Reusing ephemeral keys: DH secrets \(a\) and \(b\) should be freshly generated for each session. Reuse destroys forward secrecy.
No authentication: Vanilla DH is vulnerable to man-in-the-middle attacks. An attacker can intercept and replace \(A\) and \(B\) with their own values. Authentication (via digital signatures or certificates) is essential.
Confusing DH with encryption: DH establishes a shared secret — it doesn't encrypt messages directly. The shared secret is typically fed into a key derivation function (KDF) to produce symmetric encryption keys.

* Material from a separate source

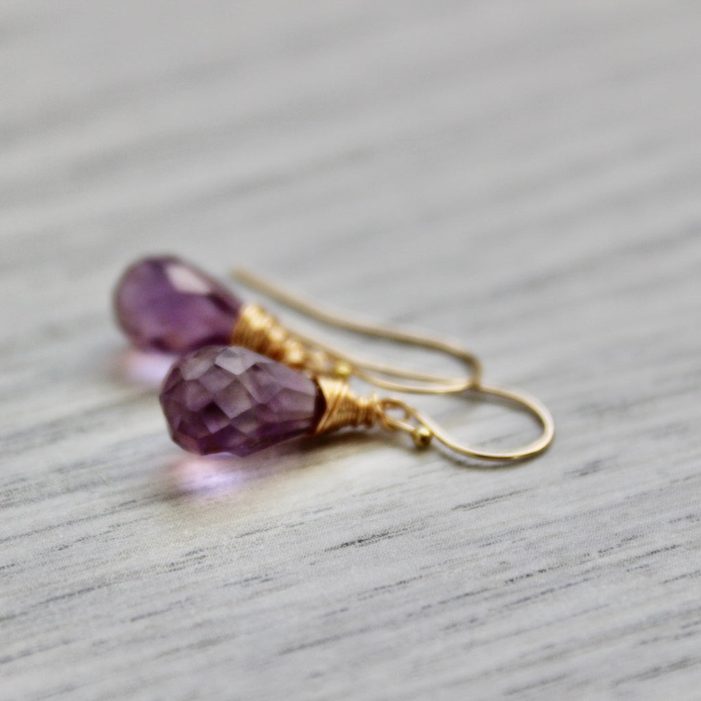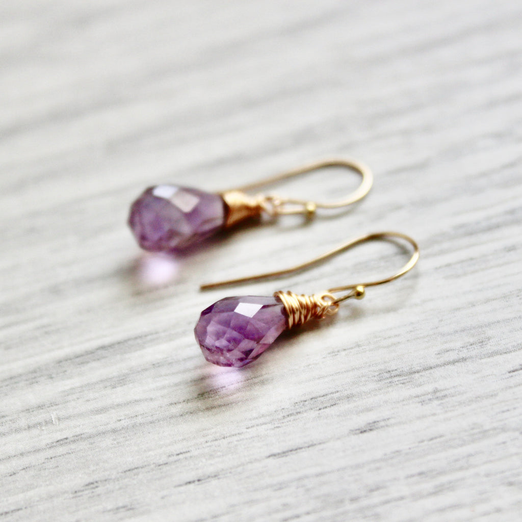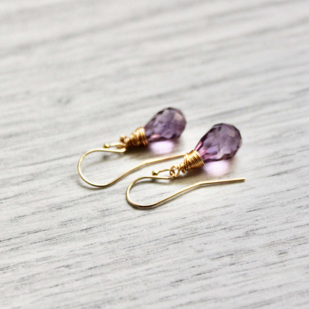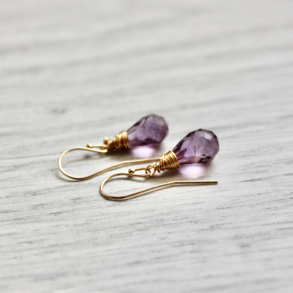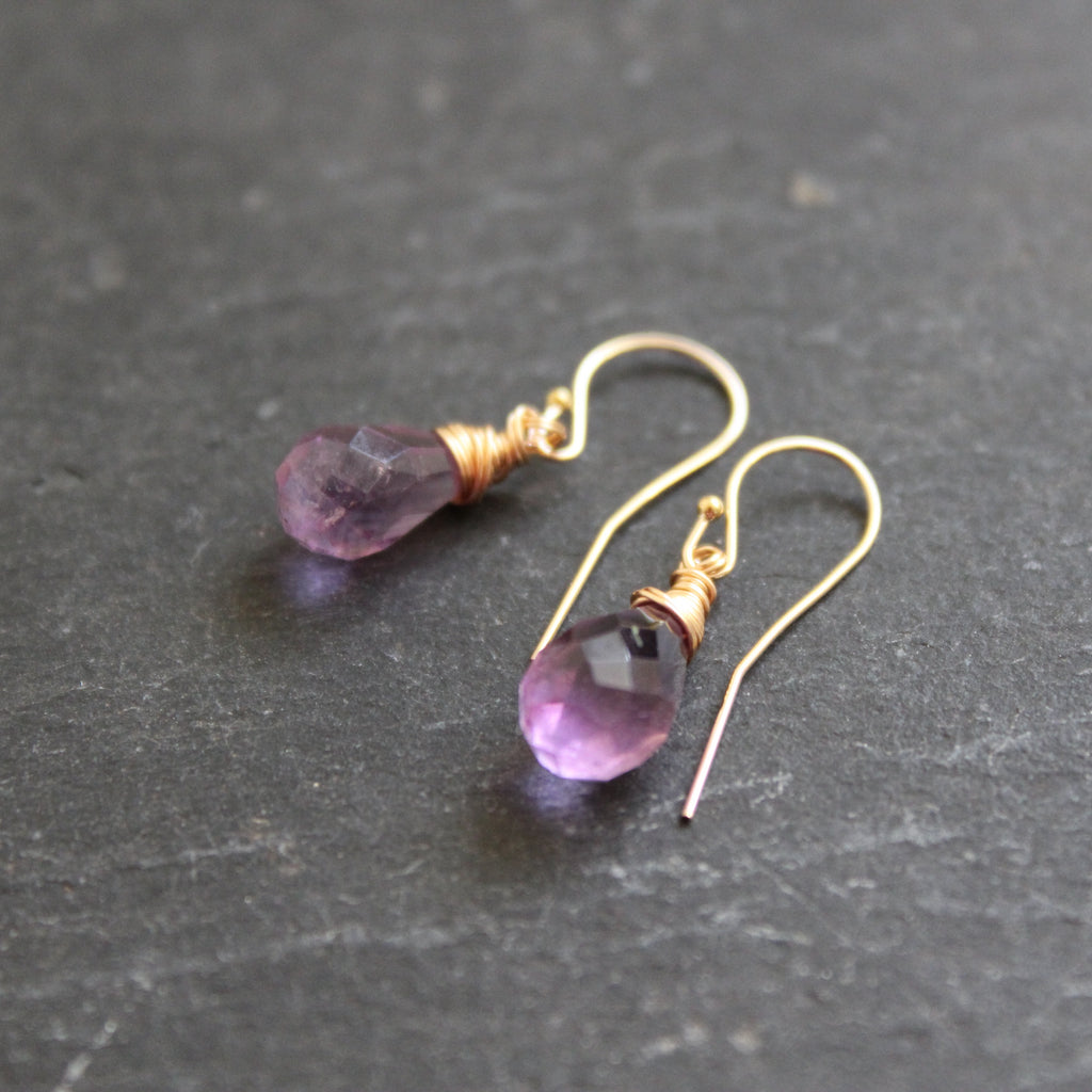 Purple Rain Amethyst Drops with Gold Filled Ear Wires

RSA — Public-key encryption based on factoring, inspired by DH
Elliptic Curve Cryptography — ECDH: the elliptic curve version of Diffie-Hellman

History¶

1874 — Jevons speculates about one-way functions in The Principles of Science
1974 — Malcolm Williamson at GCHQ invents the DH protocol (classified until 1997)
1976 — Diffie and Hellman publish "New Directions in Cryptography"
1977 — RSA is invented, realizing the public-key encryption that DH inspired
1990 — ElGamal encryption scheme extends DH to direct encryption
1999 — DH-based key exchange standardized in TLS
2014 — Logjam attack shows many servers used weak 512/1024-bit DH parameters
2015 — Diffie and Hellman receive the Turing Award
2018 — TLS 1.3 mandates ephemeral (EC)DH, removing static DH

References¶

Diffie, W., & Hellman, M. (1976). New Directions in Cryptography. IEEE Transactions on Information Theory, 22(6), 644–654.
Menezes, A., van Oorschot, P., & Vanstone, S. (1996). Handbook of Applied Cryptography. CRC Press.
Adrian, D., et al. (2015). Imperfect Forward Secrecy: How Diffie-Hellman Fails in Practice. Proceedings of the 22nd ACM Conference on Computer and Communications Security.
Williamson, M. J. (1974). Non-Secret Encryption Using a Finite Field. CESG Report (declassified 1997).